Gunnison County is planning some projects of its own this summer, “that we hope will provide some local employment opportunities, but that won’t have as much to do with stimulus funding,” said Crosby.
Although Salazar would have liked to see more money invested in infrastructure projects, he said he understood the president’s rationale for putting the funds into other areas.
“If you put too much money toward one direction, like road and bridge projects, and it doesn’t work, we have no way of pulling it back. And so he wants to do it in increments. So as we get the reports of where job creation is taking place we can actually fund those,” he said.
According to Salazar, there will also be funds from the stimulus bill available for the RE1J school district’s renovation projects. More than $760 million from the stimulus package has been slated for Colorado education, according to the Congressional Research Service.
“As a matter of fact, I know that some of the schools here in Gunnison will receive money for school construction and for Title 1 programs,” he said.
But with $55 million secured by the school district, superintendent Jon Nelson isn’t holding his breath for any additional federal money.
“It’s our understanding in talking with Ted Hughes [Colorado Department of Education’s Director of the Division of Public School Capital Construction Assistance], that the money is coming to the governor’s office and then it will go to education. There is no indication that there would be anything coming to Gunnison,” Nelson said.
If money does go to the school district, it should happen by the end of March, the current schedule for most stimulus funding.

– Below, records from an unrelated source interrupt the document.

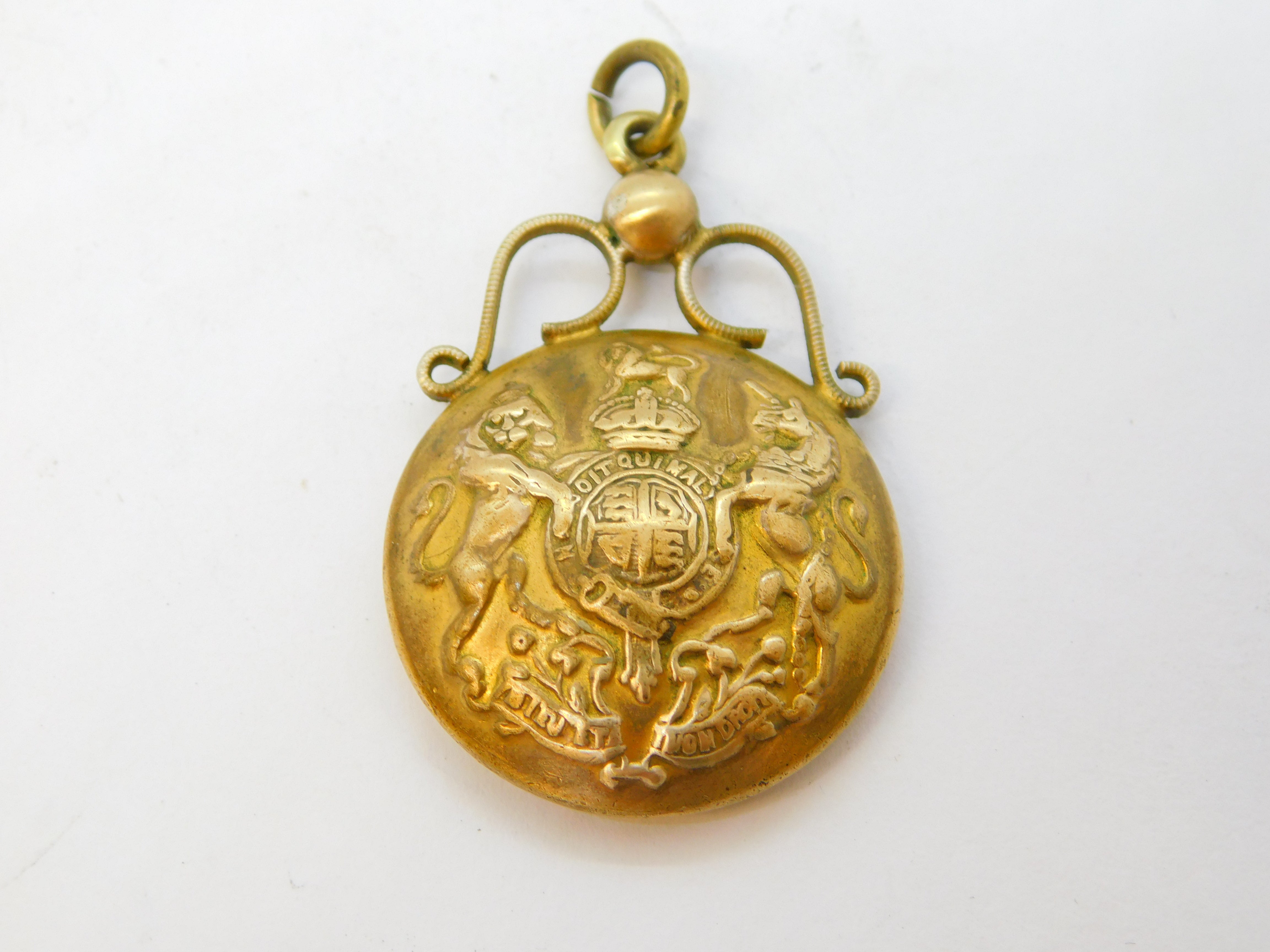 WW1-era Rolled Gold Military Button Form Sweetheart Locket Antique c1915
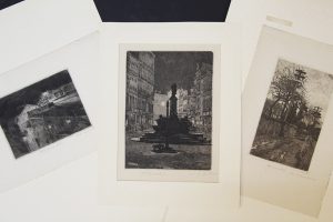 Eau-forte, 12 x 16. Epreuve sur vergé. Marges. Signée «Fçois Maréchal» et titrée au crayon en dessous. Très fraiche. Sous passepartout. □ Joint : F. MARECHAL. La Fontaine. 1894. Eau-forte, 22 x 16. Epreuve sur vergé fort. Marges. Signée «Fçois Maréchal» et titrée au crayon en dessous. Très fraiche. Joint : F. MARECHAL. Coin de Liège. 1932. Eau-forte, 13 x 17. Epreuve sur Arches. Grandes marges. Signée «Fçois Maréchal» et titrée au crayon en dessous. Très fraiche. Sous passe-partout. Joint : F. MARECHAL. Les Vieux chemins. 1892. Eau-forte, 19 x 12. Epreuve sur Hollande. Marges. Signée «Fçois Maréchal» et titrée au crayon en dessous. Très fraiche. Sous passepartout. Joint : F. MARECHAL. Le Soir. 1893. Eau-forte, 11,5 x 11. Epreuve sur Japon. Marges. Signée «Fçois Maréchal» et titrée au crayon en dessous. Très fraiche. Sous passe-partout. Joint : F. MARECHAL. La Place. Eau-forte, 15 x 19. Epreuve sur Arches. Marges. Signée «Fçois Maréchal» et titrée au crayon en dessous. Très fraiche. Sous passepartout.
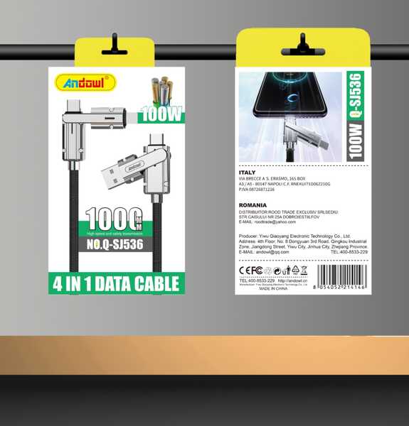 Cablu Engros multifunctional, de incarcare, USB - USB tip C, 1 m, Q-SJ536
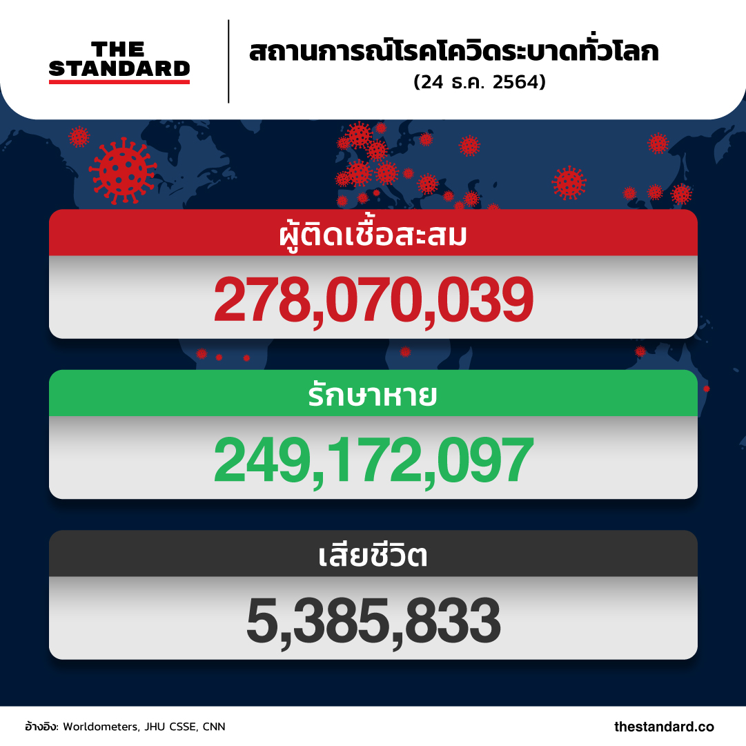 วันนี้ (24 ธันวาคม) ยอดผู้ติดโควิดสะสมพุ่งสูงกว่า 278 ล้านรายทั่วโลก หลังการแพร่ระบาดผ่านมานานเกือบ 2 ปีแล้ว ยอดผู้เสียชีวิตสูงกว่า 5.3 ล้านราย อัตราเสียชีวิตอยู่ที่ราว 2% รักษาหายแล้วราว 90% ของผู้ติดเชื้อทั้งหมด ขณะนี้มีประเทศที่พบผู้ติดเชื้อแล้ว 189 จาก 193 ประเทศทั่วโลก โดยประเทศที่ยังไม่พบผู้ติดเชื้อรายแรกอย่างเป็นทางการ ได้แก่ เกาหลีเหนือ เติร์กเมนิสถาน ตูวาลู และนาอูรู

Without funding for the capital improvements in the district, however, only the Gunnison elementary school would be eligible for additional funding for their Title 1 program.
“We keep hearing there are additional funds in Title 1, but we’re not in a position to get a whole lot from that,” said Nelson. “I have no idea if money will start coming to us from the stimulus package. I’m not counting on anything until I actually see the funds.”
Between the school district’s renovation plans and the infrastructure projects initiated by the stimulus bill, there should be some work for the unemployed. But Salazar is confident that the money will go far beyond just those fields directly connected to federal money.
Beyond the road crews getting a paycheck, he points to the restaurants that will serve them lunch, the concrete plant that will have additional orders to fill and the retail stores that will see increased sales by catering to people with stable employment.
“The money that is generated by the infrastructure projects should revolve seven to 10 times before it leaves the community, so there is a multiplier effect. The benefit of the stimulus bill will go far beyond just those that are directly put to work by it,” Salazar said.
According to President Obama and other supporters of the legislation, the stimulus bill also offers a tax break to those making less than $250,000 annually, about 98 percent of Americans.
“For the average Joe on Main St., you will actually be getting less of a deduction on your paycheck, as far as federal taxes, starting April 1. Hopefully you will spend that money and that will hopefully spur the economy,” Salazar said.
Salazar was so confident that the stimulus bill would bring real change to people in the Gunnison Valley and around the country that he was willing to bet a meal on it with a reporter.
“I’ll tell you what,” he said. “I’ll meet with you in the third quarter of this year. My prediction is that by then we will have already turned the tide, at least slowed down the job loss in this country. If I’m right, you buy.”